Не осмеливаюсь даже подумать, чему я подвергал мою бедную Рут. И как я вынудил ее уехать – и я не знаю куда. Она была само терпение. Такой стоицизм! Она могла отомстить, взяв любое число любовников, – и не сделала этого. Наоборот, она посвятила свои одинокие часы благотворительности, заслужив хвалы и общую любовь. Мне следовало бы лелеять ее добродетель, а не раскрашенной подделки, которую предпочел. Меня гнетет, уничтожает мысль о том, на что я обрекал женщину, которую люблю и которой больше не заслуживаю. У Рут горячая кровь, она полна страсти, а я – холодная рептилия и мне следует спать под колодой, и никак не в супружеской постели. Верь я, что есть хоть малейший шанс склеить то, что я разбил вдребезги, как бы я за него уцепился! Но что, что я могу предложить ей? Я пустая оболочка, все, что было внутри, съедено. И это не подарок кому бы то ни было, и уж никак не жене. Мне следует тихонько ускользнуть через заднюю дверь.

Через несколько недель я оставлю этот пост. Мой преемник уже здесь. Куда меня пошлют теперь, еще не решено. Если на Галапагосских островах есть консульство, возможно, я попрошусь туда: насколько мне известно, рептилии там в почете. Рут, полагаю, вернется в Лондон.

В любом случае мне следует пройти у тебя курс переквалификации назад в холостяки. Мне положен отпуск, и, может быть, я нагряну к тебе в Вашингтон.

Всегда

Твой,

Пирс.

Авенида де Сервантес 93 Мадрид 10 июля

Милая Джейнис!

Мне надо решить, что такое для меня чувство юмора – прибежище или спасение. Осталось три дня из моих Ста Дней, и внезапно я победила… и проиграла. Со сдобной булочкой я покончила, однако, когда я оборачиваюсь, чтобы отпраздновать победу, то обнаруживаю, что Пирс обратился в бегство в противоположном направлении. И я стою на поле брани в полном одиночестве. Так плакать мне или смеяться?
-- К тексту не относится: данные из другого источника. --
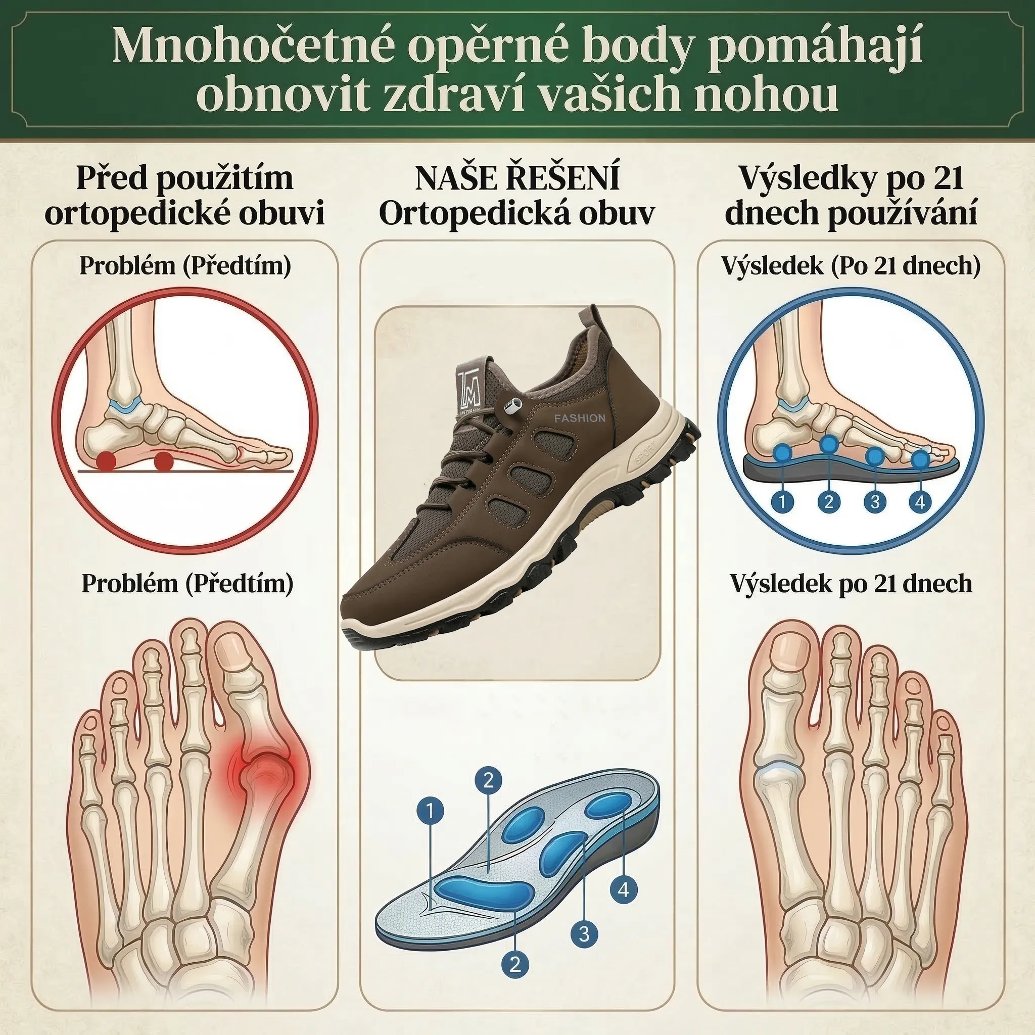 Konečně jsem našla boty, ve kterých chodím celý den bez jakékoli bolesti. Podpora klenby je fantastická. Objednám i druhý pár!
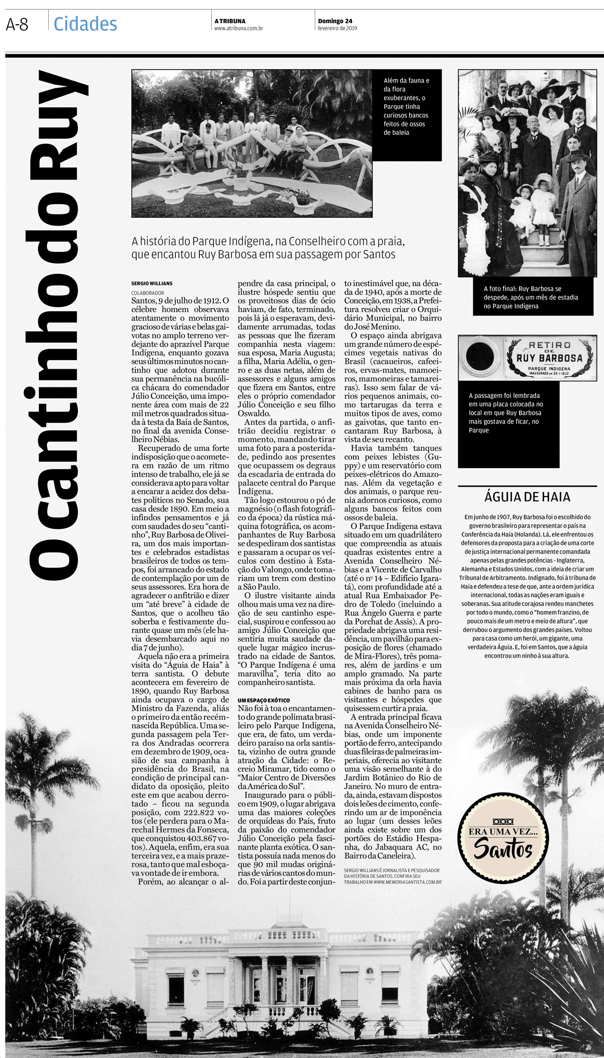 EDIÇÃO DE 24 de fevereiro DE 2019Para comemorar o aniversário do extinto Parque Indígena, de Júlio Conceição, o jornalista Sergio Willians pegou como gancho para a matéria, o fato de o local ser o predileto na cidade ao famoso político baiano, Ruy Barbosa, o "Águia de Haia". |

Быстрый флэшбек. Я прячусь у Эстеллы, а Пирс рычит, требуя моей крови, за то, что я мазнула дегтем по его непорочной Ангель: это гнуснейшая интрига… как я могла пасть так низко?.. Не смей переступать моего порога!

Затем вчера днем мне звонит Том. Пирс, объясняет он, уже поставил его к стенке, но пули поразили инициатора казни. «Что ты такое плетешь, черт дери?» – говорю я. Выясняется, что Том, газетная ищейка, выдрал исповедь Блаженной в Женах Ангель посредством Королевской шекспировской труппы, а именно: нежная девочка трахалась с половиной мужчин в Мадриде с момента своего приезда, но НЕ с моим мужем. НЕ С МОИМ МУЖЕМ! Верить ли? Думаю, что да, поскольку сведения поступили из, гм-гм, первоисточника.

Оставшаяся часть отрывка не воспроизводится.